10.2.2  Verfahren bei Honorarberichtigung bzw. -kürzung und Ausschlussfristen

Für die sachlich-rechnerische Richtigstellung gilt ebenso wie für die Wirtschaftlichkeitsprüfung mittlerweile eine zweijährige Ausschlussfrist. Zuständig für die sachlich-rechnerische Überprüfung ist – anders als bei der Wirtschaftlichkeitsprüfung, bei welcher die Prüfstelle zuständig ist – ausschließlich die KZV selbst. Gegen den Bescheid über die Honorarberichtigung bzw. -kürzung kann der Zahnarzt Widerspruch einlegen. Eine spezielle Widerspruchsstelle der KZV entscheidet über das Widerspruchsverfahren. Wird dem Bescheid durch die Widerspruchsstelle nicht abgeholfen, kann der Zahnarzt beim zuständigen Sozialgericht Klage erheben.

Erhebt die KZV den Vorwurf eines vorsätzlichen oder grob fahrlässigen Abrechnungsfehlers, darf die KZV ausgehend vom Einzelfall das Gesamthonorar schätzen. Oft führt dies zu sehr hohen Honorarkürzungen.
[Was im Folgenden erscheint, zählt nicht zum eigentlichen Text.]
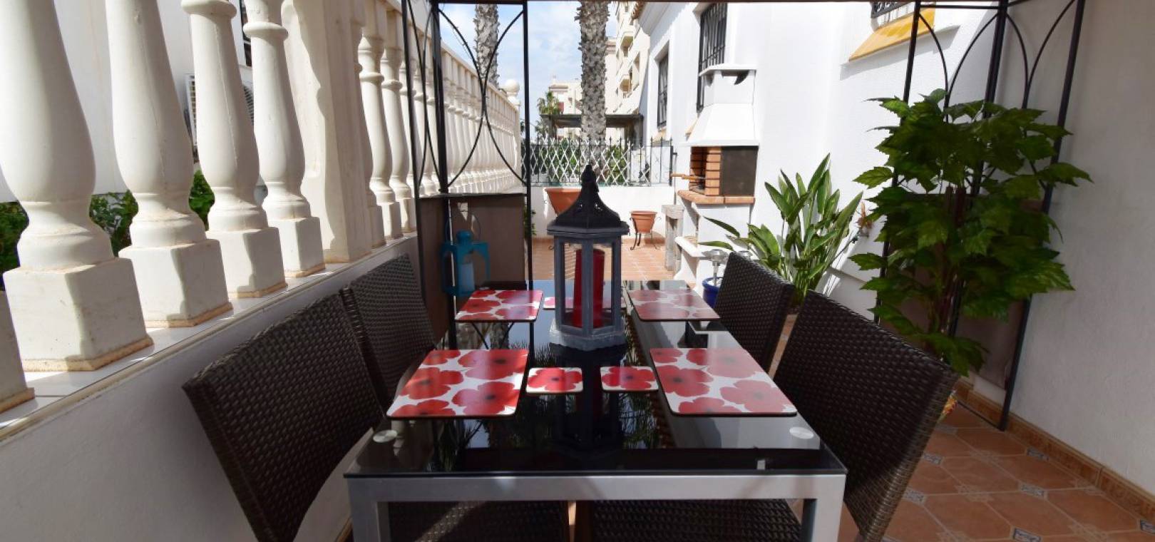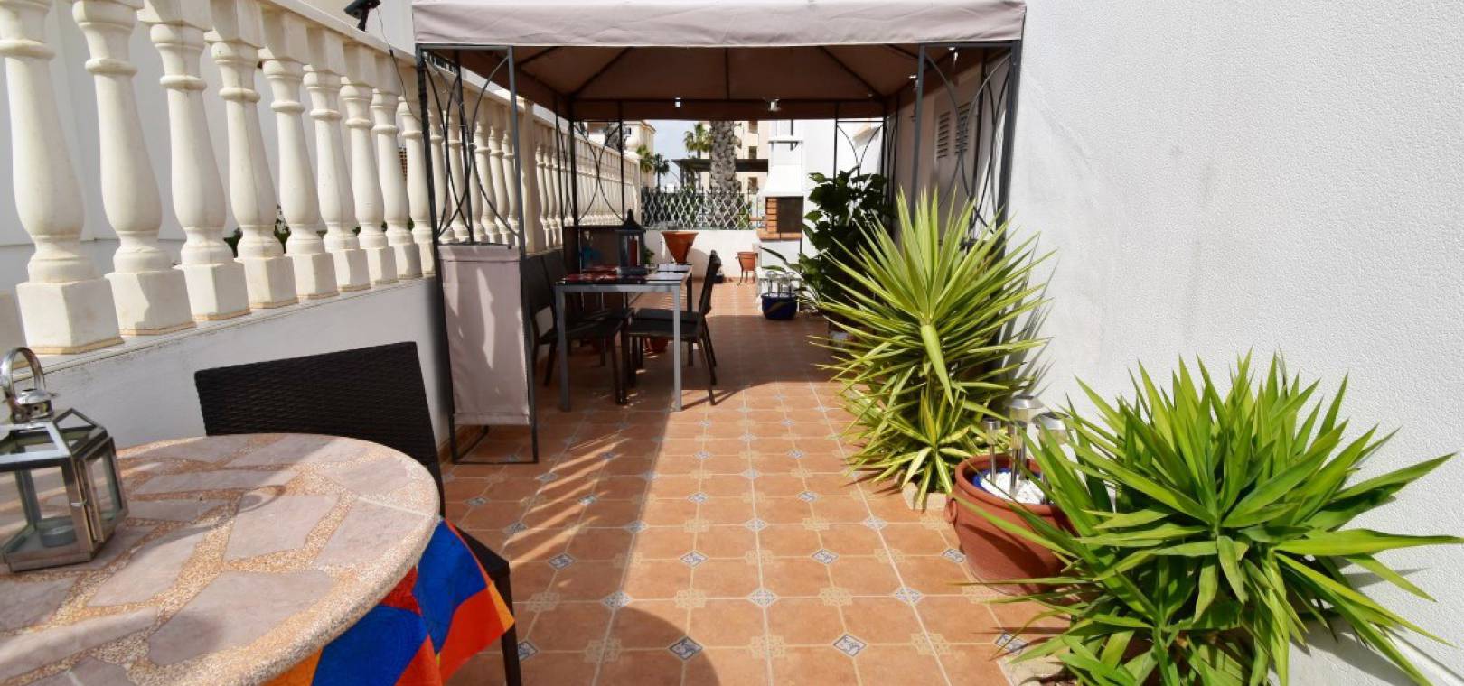 An East facing 2 bed 2 bath quad house with a private rooftop solarium located in Res Jumilla II, Playa Flamenca, Costa Blanca.

Praxistipp: Bei Verfahren wegen sachlich-rechnerischer Kürzung sollten Sie sich intensiv mit dem bemängelten Behandlungssachverhalt auseinandersetzen. Damit können Sie vermeiden, dass die KZV Ihnen Vorsatz oder grobe Fahrlässigkeit unterstellt. Dieser Vorwurf kann eine Schätzung der KZV bezogen auf das Gesamthonorar und damit hohe Rückforderungssummen oder sogar ein staatsanwaltschaftliches Ermittlungsverfahren wegen Abrechnungsbetrugs nach sich ziehen. Solche Ermittlungsverfahren können sich über Jahre hinziehen.